Continuing the theme of looking at things from my cycle, I thought that this week, we'd have a look at one of the most awful junctions I regularly travel through: The Moby Dick.
I mean, there's a huge amount of competition out there, but this ranks as one of the most people unfriendly messes in my corner of London. It's the junction of the A12 Eastern Avenue with the A1112 Whalebone Lane North. The A12 is a long-distance trunk road (and through road) which runs between the approach to the Blackwall Tunnel in East London and Lowestoft in Suffolk (broken by a section of the A14, south of Ipswich in Suffolk). The A1112 is also a through road which runs from just south of Hainault down to Becontree Heath, cutting through a number of neighbourhoods, including Chadwell Heath.
Whalebone Lane takes its name from a pair of whale bones which were used to mark a tollgate on the Romford Road for a couple of hundred of years before being moved to Whalebone House in Chadwell Heath in the 1930s. On the north side of the junction, there is a residential tower block called Highfield House and there is a photograph in the London Borough of Barking & Dagenham's archives which shows the Moby Dick junction in 1967;
As you can see, the junction is a large roundabout with the view south across the A12 towards Chadwell Heath. The squat building next to the roundabout is the Moby Dick pub which continues the whaling theme, although it was built in the 20th Century (I can't find out exactly when, but it appears on a 1963/64 map along with the roundabout). You can just see the subway on the right (the western side of the junction) which goes under the A12. Interestingly, a map from 1951 shows the roundabout as an oval with this section of the A12 dating back to the mid-1920s as the Romford-Ilford bypass.

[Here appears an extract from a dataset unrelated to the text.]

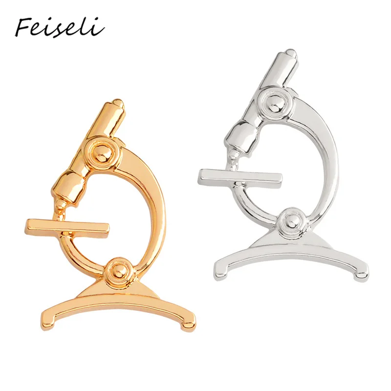 Deals Feiseli Creative Silver Gold Color Metal Microscope Brooch Medical Clothing Collar Corsage Pins Bag

The junction was signalised at some point in the late 20th Century - I've had a dig around and I can't find when, but because I've known the junction as a driver since the early 1990s, it will be either the 1970s or 1980s!
The modern junction (well, 40 to 50 years old) is vast, with dedicated left turn slip roads from each arm, 3 lanes on each approach and exit of the A12 arms, separate right turn lanes from the A12 in each direction and 3 lanes on each Whalebone Lane North approach.
For walking, there's the subway under the western side of the A12 through which cycling is banned and we have the obligatory staggered barriers to defeat mobility scooter users.
The subway itself is narrow and has a minimum headroom. With the poor visibility at the portals, the level of social safety in this 1960s relic is especially poor.
Other than that, there is no other help for people walking and cycling to cross. Not even dropped kerbs through the junction. On the north side of the A12, there isn't a footway, other than a short section feeding a bus stop.
The south side has a shared-use path on the eastern side of the junction, whereas on the western side of the junction your guess is as good as mine, but I at least will cycle on the path rather than mix with 50mph traffic regardless of the actual designation.
The photograph above is on the south side of the junction looking west over towards the Moby Dick pub. This is the desire line for people walking and cycling west, except there is no help to cross and you can see the crash barrier on in the distance (protecting the subway) which means you couldn't cross here anyway. The first opportunity to cross is just south of the junction, but this means dashing across traffic leaving the junction and multiple lanes joining. The photograph below is this first crossing opportunity where the crash barrier ends.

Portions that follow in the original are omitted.